- Opening Delimiter -

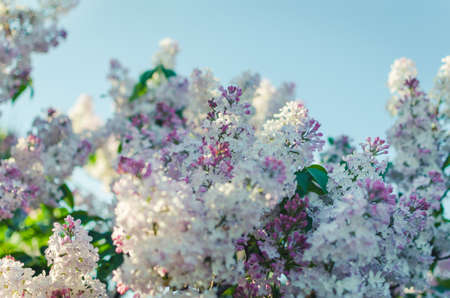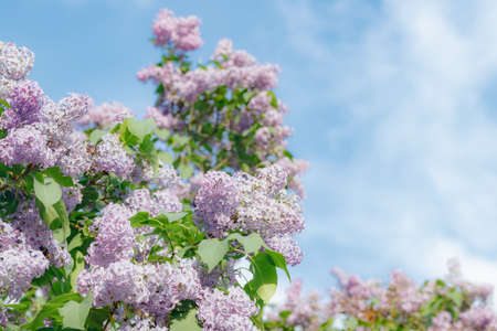 Close up. Branches of a lilac bush against the background of the May sky. Blooming lilac. High resolution wallpaper.
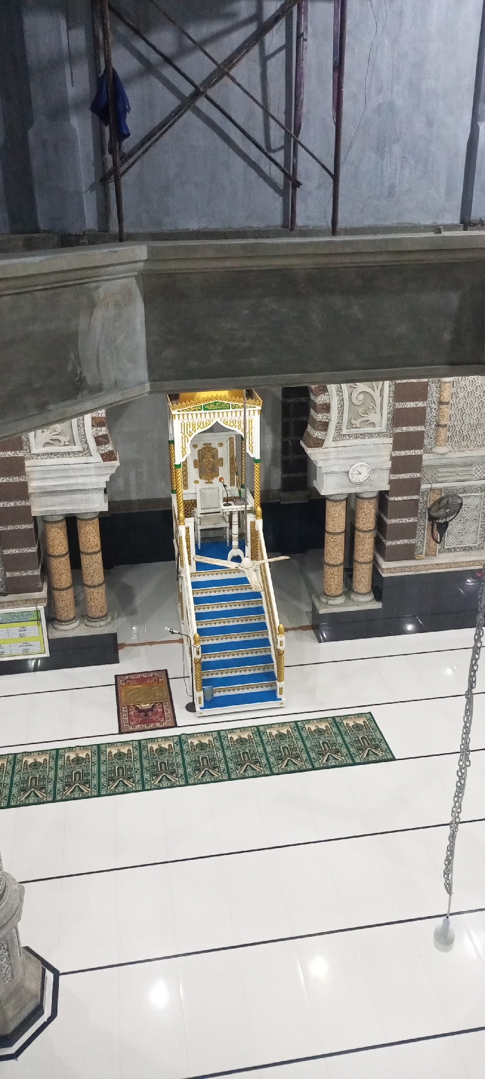The image displays the interior of a mosque, viewed from an elevated perspective
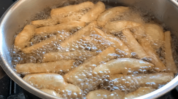3. 기름을 약 170도가량으로 달군 후에 감자, 양파를 넣어 노릇한 색감이 나올 때까지 튀겨준다.
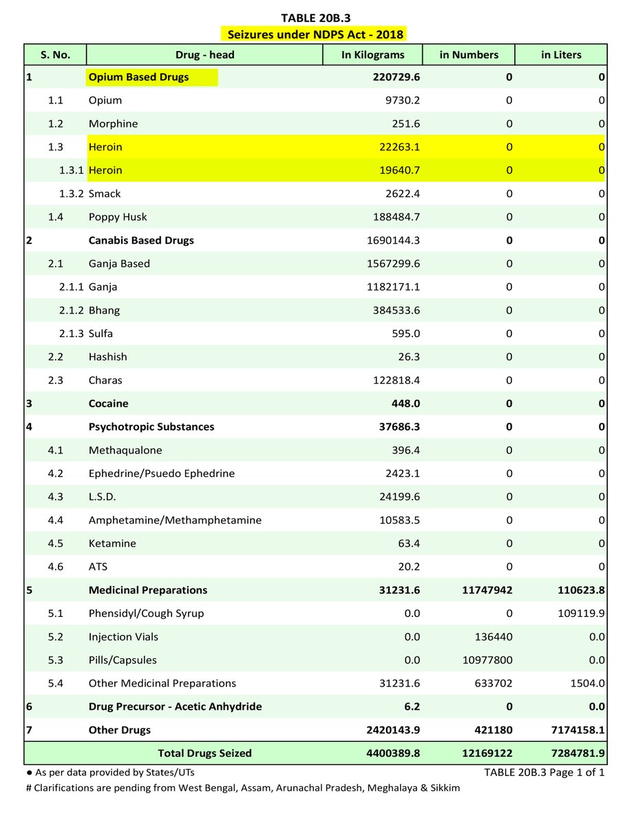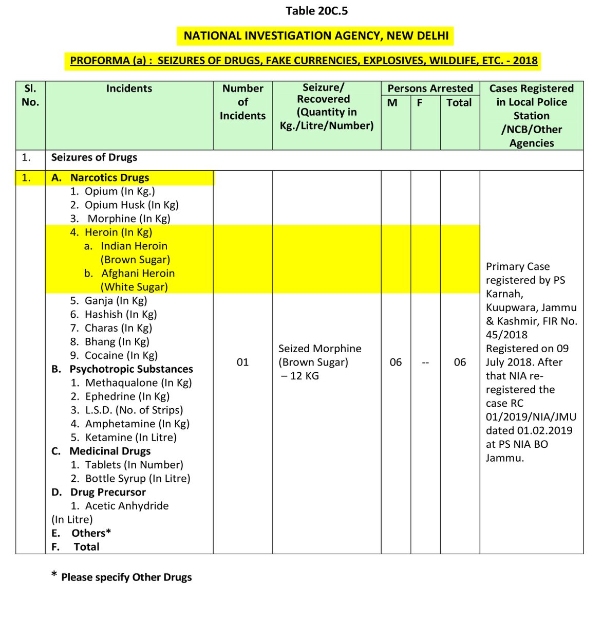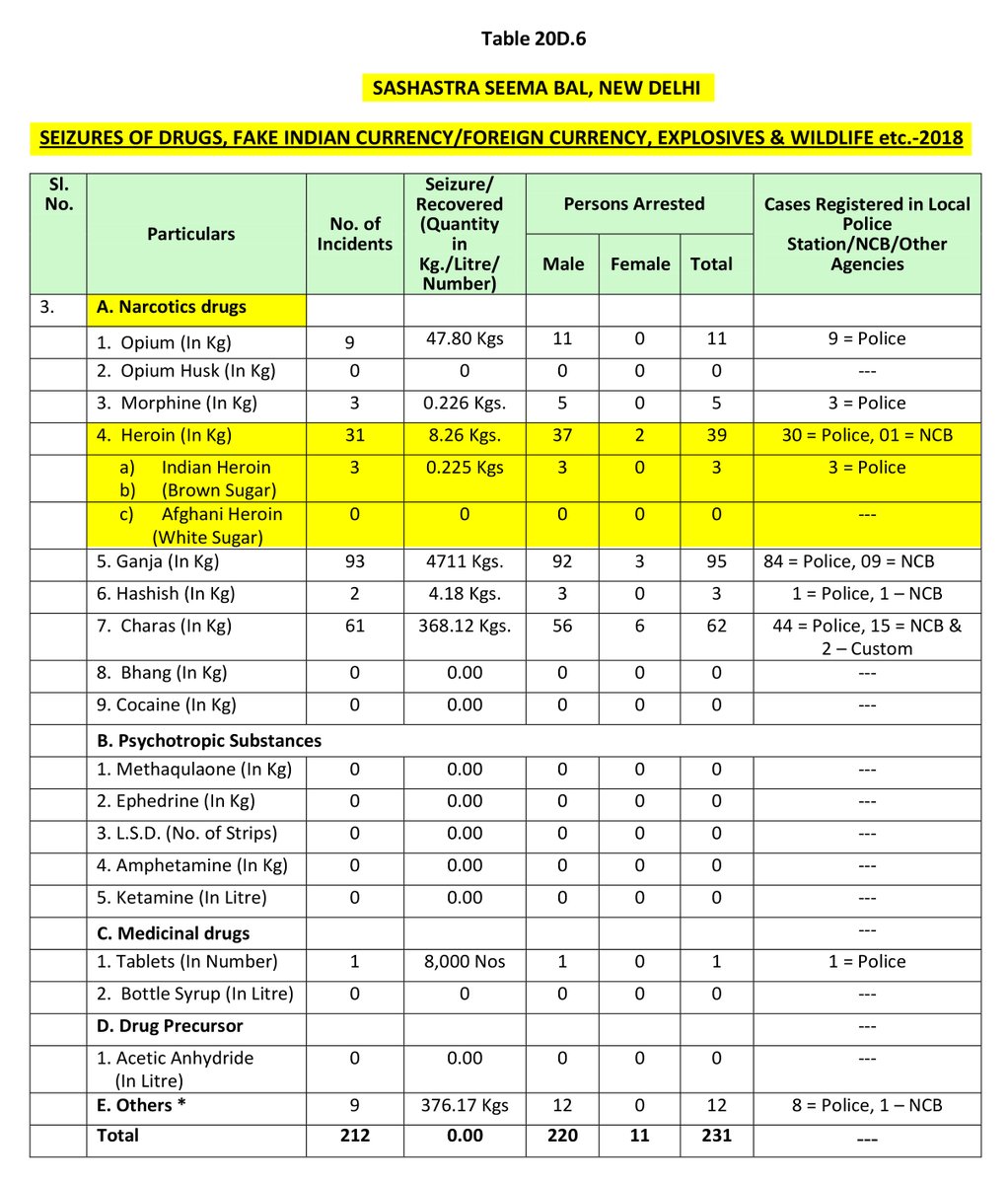 Check out the details of heroin seizures by other agencies reported in 2020 NCRB-Report

- Closing Delimiter -

— TASK —
Any images must be dropped; all other material is to be printed exactly.

— SOLUTION BELOW —
 Close up. Branches of a lilac bush against the background of the May sky. Blooming lilac. High resolution wallpaper.
The image displays the interior of a mosque, viewed from an elevated perspective
3. 기름을 약 170도가량으로 달군 후에 감자, 양파를 넣어 노릇한 색감이 나올 때까지 튀겨준다.
 Check out the details of heroin seizures by other agencies reported in 2020 NCRB-Report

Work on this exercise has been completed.